This study also showed that a husband’s preference for breastfeeding over formula feeding was positively associated with breastfeeding initiation [30] and longer duration of full-breastfeeding which is consistent with Western studies [31,50,51]. To the best of our knowledge, no Middle-Eastern study has investigated previously the association of paternal attitudes and breastfeeding duration. There is, however, some evidence from Middle Eastern studies that support from a woman’s husband is important for breastfeeding success and a study of women in Saudi Arabia found that mothers were more likely to initiate breastfeeding if their partners supported breastfeeding [25]. A Turkish intervention study reported the positive effects of an antenatal education program for fathers on their reproductive health knowledge, attitudes and behaviours, and women whose husbands attended these classes reported that their husbands became more supportive and communicative [52].

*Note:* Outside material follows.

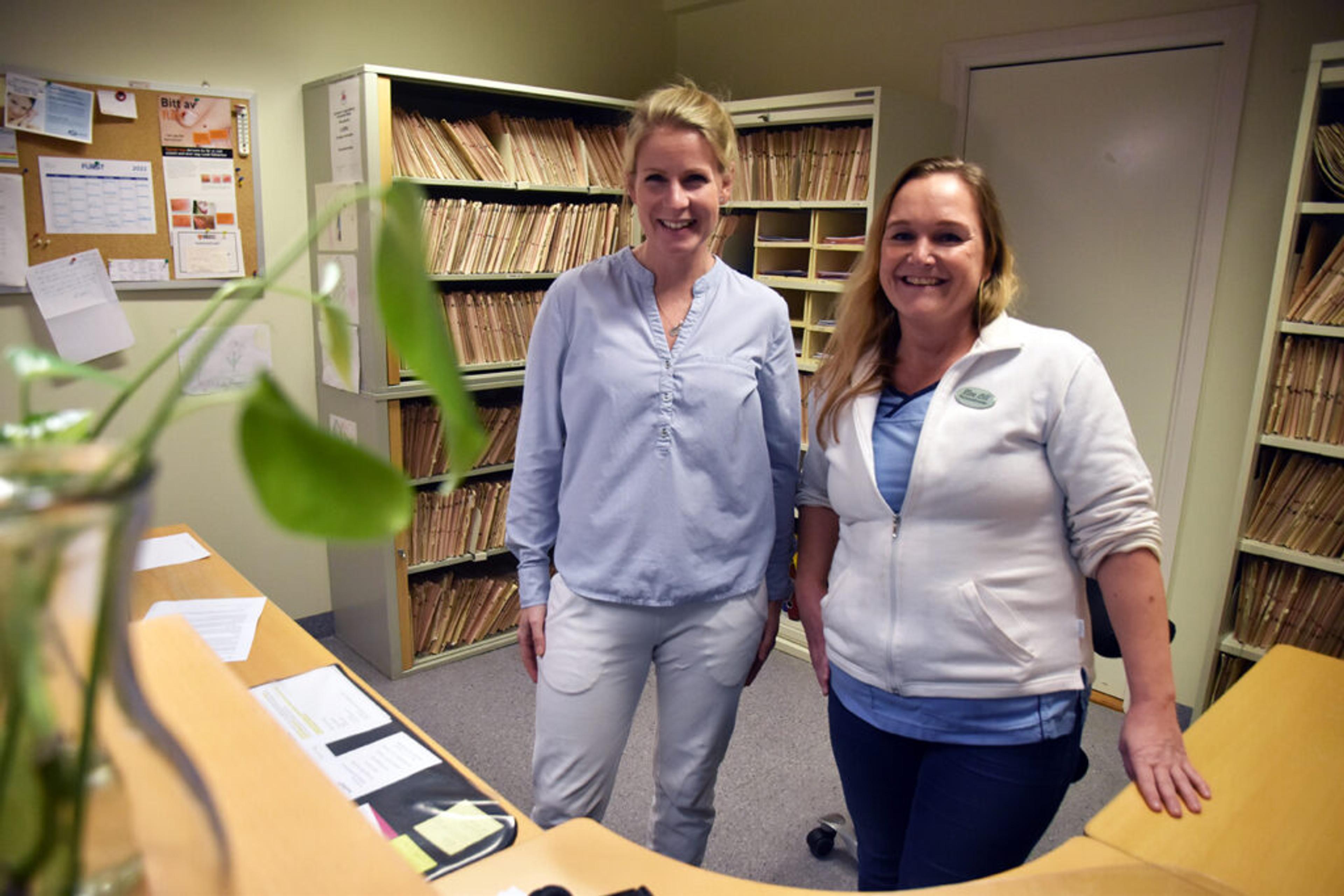 POPULÆRT OPPLEGG: En av fire fastleger ved Våle legekontor Vibeke Stuestøl og helsesekretær Else Lill Opsahl Paulsen er klare for influensa-vaksinering for legekontorets pasienter. Foto: Stian Ormestad, ReAvisa.

Women everywhere doubt the adequacy of their milk supply [53] and in this study more than eight in 10 women gave this as one of their reasons for discontinuing breastfeeding. Perceived breast milk insufficiency or insufficient milk syndrome (IMS) is frequently associated with the premature introduction of complementary foods [9] and with the cessation of breastfeeding [14,16] in Middle Eastern countries. It has been proposed [53] that IMS is increasing with “aspects of ‘modernization’: urbanization, education, and female employment—factors that are repeatedly found to be inversely associated with both the prevalence and duration of breastfeeding” (p42). It has been suggested that ‘insufficient milk’ is given as a socially acceptable reason for discontinuing breastfeeding when a mother decides she no longer wishes to breastfeed [54] and that claims of IMS should not be taken literally when they occur in cultural contexts that present the use of infant formula as an acceptable, if not preferred, alternative [55].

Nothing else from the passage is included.